== Segment start ==

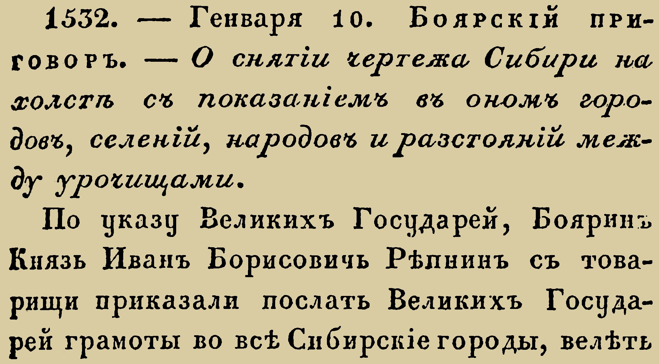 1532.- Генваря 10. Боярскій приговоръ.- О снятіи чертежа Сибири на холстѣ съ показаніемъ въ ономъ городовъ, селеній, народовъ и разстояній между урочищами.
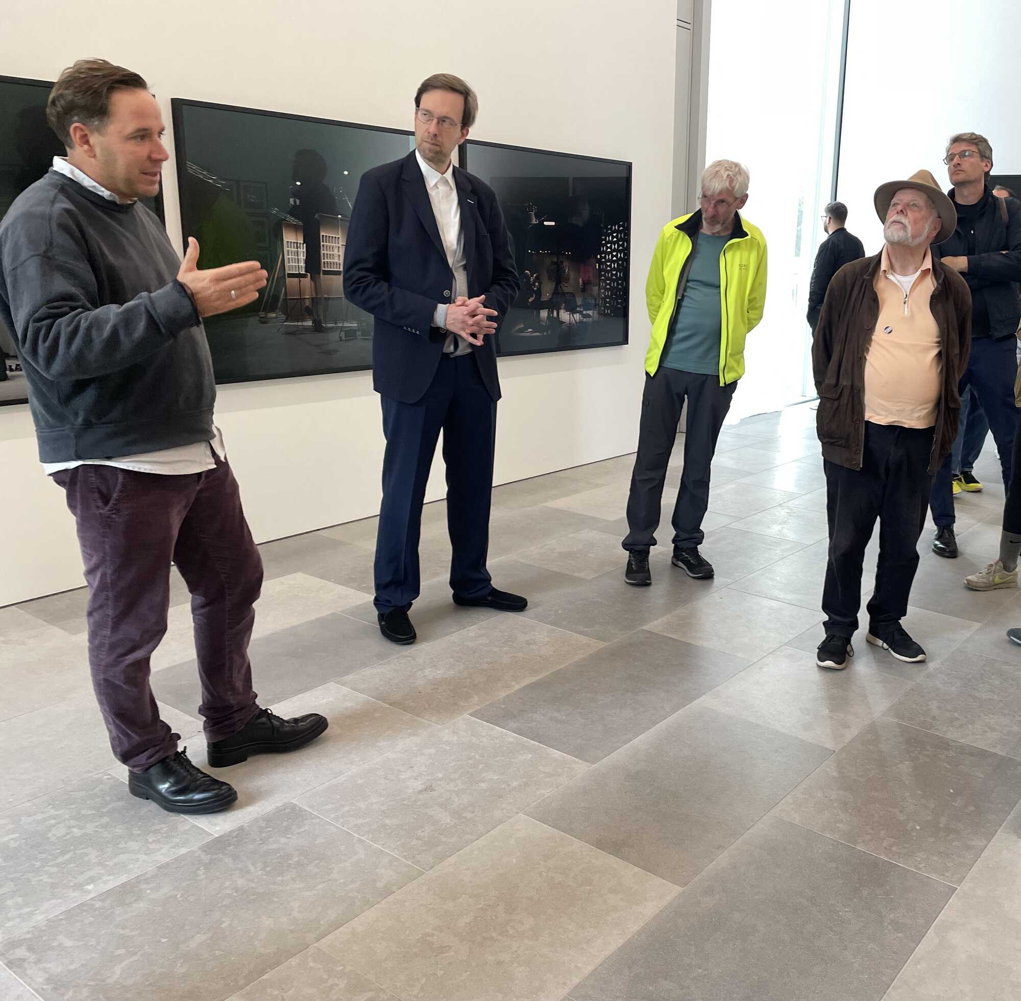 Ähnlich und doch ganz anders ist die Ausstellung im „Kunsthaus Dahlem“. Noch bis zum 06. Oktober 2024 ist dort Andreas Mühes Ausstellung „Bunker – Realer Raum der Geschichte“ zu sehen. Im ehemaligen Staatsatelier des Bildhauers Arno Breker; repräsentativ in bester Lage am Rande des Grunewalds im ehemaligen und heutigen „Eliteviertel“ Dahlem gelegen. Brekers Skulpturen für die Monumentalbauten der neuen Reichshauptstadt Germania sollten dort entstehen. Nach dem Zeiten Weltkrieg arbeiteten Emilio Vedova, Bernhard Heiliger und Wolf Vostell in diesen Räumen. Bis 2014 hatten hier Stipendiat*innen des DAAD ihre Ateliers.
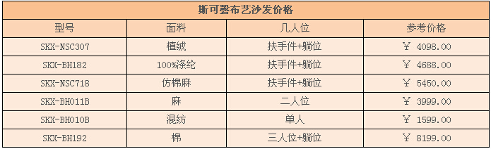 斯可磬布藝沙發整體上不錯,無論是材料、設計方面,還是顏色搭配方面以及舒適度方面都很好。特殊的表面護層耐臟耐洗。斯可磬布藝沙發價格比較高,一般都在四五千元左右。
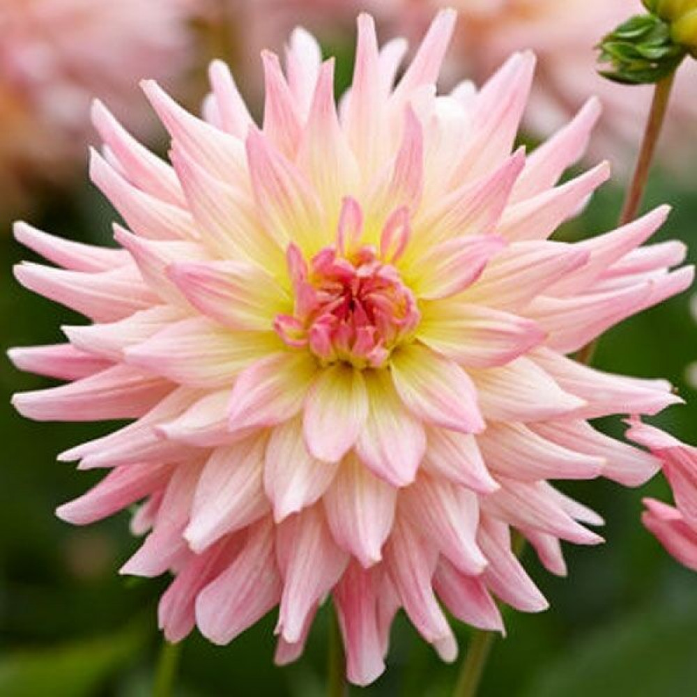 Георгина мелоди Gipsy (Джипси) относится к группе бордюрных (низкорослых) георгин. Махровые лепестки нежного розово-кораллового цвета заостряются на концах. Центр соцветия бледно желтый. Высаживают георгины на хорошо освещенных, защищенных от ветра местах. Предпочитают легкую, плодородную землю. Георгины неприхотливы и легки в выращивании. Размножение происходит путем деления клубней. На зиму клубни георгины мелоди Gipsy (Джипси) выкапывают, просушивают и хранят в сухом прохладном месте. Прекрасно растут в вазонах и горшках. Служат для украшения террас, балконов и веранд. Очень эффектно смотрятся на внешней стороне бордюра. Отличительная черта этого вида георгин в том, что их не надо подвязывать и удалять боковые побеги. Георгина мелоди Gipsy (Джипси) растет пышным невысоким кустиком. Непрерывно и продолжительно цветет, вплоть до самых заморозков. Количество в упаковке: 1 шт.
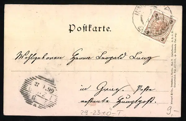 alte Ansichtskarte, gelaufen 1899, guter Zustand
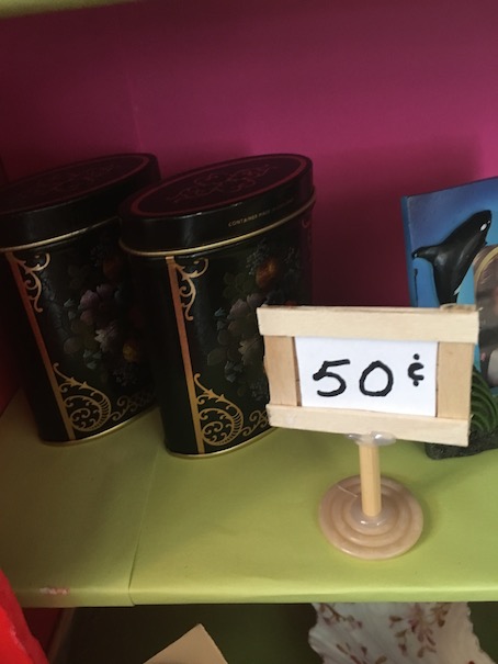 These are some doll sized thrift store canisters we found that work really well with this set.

== Segment end ==

> **Assignment**
Pictures aside, please output the whole listing exactly as it appears above.

> **Result of this task**
 1532.- Генваря 10. Боярскій приговоръ.- О снятіи чертежа Сибири на холстѣ съ показаніемъ въ ономъ городовъ, селеній, народовъ и разстояній между урочищами.
 Ähnlich und doch ganz anders ist die Ausstellung im „Kunsthaus Dahlem“. Noch bis zum 06. Oktober 2024 ist dort Andreas Mühes Ausstellung „Bunker – Realer Raum der Geschichte“ zu sehen. Im ehemaligen Staatsatelier des Bildhauers Arno Breker; repräsentativ in bester Lage am Rande des Grunewalds im ehemaligen und heutigen „Eliteviertel“ Dahlem gelegen. Brekers Skulpturen für die Monumentalbauten der neuen Reichshauptstadt Germania sollten dort entstehen. Nach dem Zeiten Weltkrieg arbeiteten Emilio Vedova, Bernhard Heiliger und Wolf Vostell in diesen Räumen. Bis 2014 hatten hier Stipendiat*innen des DAAD ihre Ateliers.
 斯可磬布藝沙發整體上不錯,無論是材料、設計方面,還是顏色搭配方面以及舒適度方面都很好。特殊的表面護層耐臟耐洗。斯可磬布藝沙發價格比較高,一般都在四五千元左右。
 Георгина мелоди Gipsy (Джипси) относится к группе бордюрных (низкорослых) георгин. Махровые лепестки нежного розово-кораллового цвета заостряются на концах. Центр соцветия бледно желтый. Высаживают георгины на хорошо освещенных, защищенных от ветра местах. Предпочитают легкую, плодородную землю. Георгины неприхотливы и легки в выращивании. Размножение происходит путем деления клубней. На зиму клубни георгины мелоди Gipsy (Джипси) выкапывают, просушивают и хранят в сухом прохладном месте. Прекрасно растут в вазонах и горшках. Служат для украшения террас, балконов и веранд. Очень эффектно смотрятся на внешней стороне бордюра. Отличительная черта этого вида георгин в том, что их не надо подвязывать и удалять боковые побеги. Георгина мелоди Gipsy (Джипси) растет пышным невысоким кустиком. Непрерывно и продолжительно цветет, вплоть до самых заморозков. Количество в упаковке: 1 шт.
 alte Ansichtskarte, gelaufen 1899, guter Zustand
 These are some doll sized thrift store canisters we found that work really well with this set.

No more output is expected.